2. should be discharge sound

6. should read sudden intense combustion with sparks (even)

For 8. read long term food storage *
_________________________________________________________


----------



## Northerner (Feb 4, 2015)

9 down - telescopes?


----------



## Redkite (Feb 4, 2015)

I think 9 down could be reflection?

3 across chippie?

4 journey?

6 down, detonation?


----------



## David H (Feb 5, 2015)

Northerner said:


> 9 down - telescopes?




Afraid not, but  your thinking  in the right direction.

THINK: end user who is looking up


----------



## David H (Feb 5, 2015)

Redkite said:


> I think 9 down could be reflection?
> 
> 3 across chippie?
> 
> ...



3. Is correct only spelt chippy


----------



## pippaandben (Feb 5, 2015)

2 down Thunderclap?


----------



## Robin (Feb 5, 2015)

5.Hanker?
10. Coiled?
9. Astronomer?


----------



## Redkite (Feb 5, 2015)

Could 9 down be periscopes?


----------



## BobbieH (Feb 5, 2015)

I also  thought 9 down was periscopes.
1 across might be "strange"


----------



## BobbieH (Feb 5, 2015)

is 4 across "journey"


----------



## David H (Feb 5, 2015)

pippaandben said:


> 2 down Thunderclap?



Well done PippaandBen.


----------



## David H (Feb 5, 2015)

Robin said:


> 5.Hanker?
> 10. Coiled?
> 9. Astronomer?



Well Done Robin on 5 and 9 unfortunately 10 is not correct.


----------



## David H (Feb 5, 2015)

Redkite said:


> Could 9 down be periscopes?



Morning Redkite 9 has been answered already Astronomer.


----------



## David H (Feb 5, 2015)

BobbieH said:


> is 4 across "journey"



Afraid not, but you're on the right track.

What are you said to do when you travel between your house and work?


----------



## Redkite (Feb 5, 2015)

4 across Commute


----------



## David H (Feb 5, 2015)

Redkite said:


> 4 across Commute



Well done Redkite


----------



## BobbieH (Feb 5, 2015)

Is 10 across Curled


----------



## David H (Feb 5, 2015)

BobbieH said:


> Is 10 across Curled



I'll accept that the word was furled.


----------



## BobbieH (Feb 5, 2015)

Thats what I meant


----------



## BobbieH (Feb 5, 2015)

Sorry: no stranger to crosswords but can 1 across really be unusual given that word is part of the clue.


----------



## David H (Feb 5, 2015)

BobbieH said:


> Sorry: no stranger to crosswords but can 1 across really be unusual given that word is part of the clue.



That's why I filled it in clue should have read rare or odd.

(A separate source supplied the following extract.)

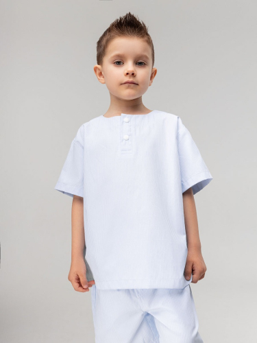 Материал футер двухнитка Состав 92% хлопок 8% лайкра Рубашка прямого кроя на кнопках с коротким рукавом. Воротник стойка на кнопках. Спереди обьемный накладной карман из дюспы.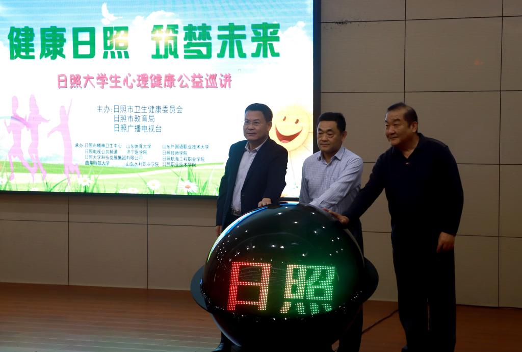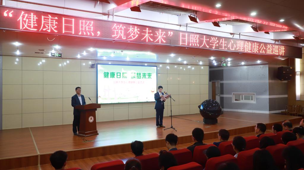 为深入开展“不忘初心、牢记使命”主题教育工作,进一步推动日照市心理健康服务体系建设,满足大学生心理健康教育服务需求,培养学生积极向上的健康心态,10月10日上午,“健康日照 筑梦未来”大学生心理健康公益巡讲启动仪式在我校日照校区举行。活动由日照市卫生健康委员会、日照市教育局、日照广播电视台主办,日照市精神卫生中心、日照电视公共频道以及九州(中国)一站式服务平台等8所驻日照高校共同承办。启动仪式由市精神卫生中心党总支书记安晓东主持,市卫健委、市教育局、市广电相关领导,以及驻日高校相关领导共同出席活动。

Put together in a hurry, should proof read before posting.


----------



## BobbieH (Feb 5, 2015)

Is 8 across freezes


----------



## David H (Feb 5, 2015)

BobbieH said:


> Is 8 across freezes



I'll accept, it's freezer


----------



## Flower (Feb 5, 2015)

Is 7 across lofty?


----------



## David H (Feb 5, 2015)

Flower said:


> Is 7 across lofty?



yes well done flower


----------



## Robin (Feb 5, 2015)

6 has surely got to be something to do with conflagration, but I can't think of anything to fit. Inflagrate?


----------



## David H (Feb 5, 2015)

Robin said:


> 6 has surely got to be something to do with conflagration, but I can't think of anything to fit. Inflagrate?


r

I give you that Robin, it's Deflagrate


----------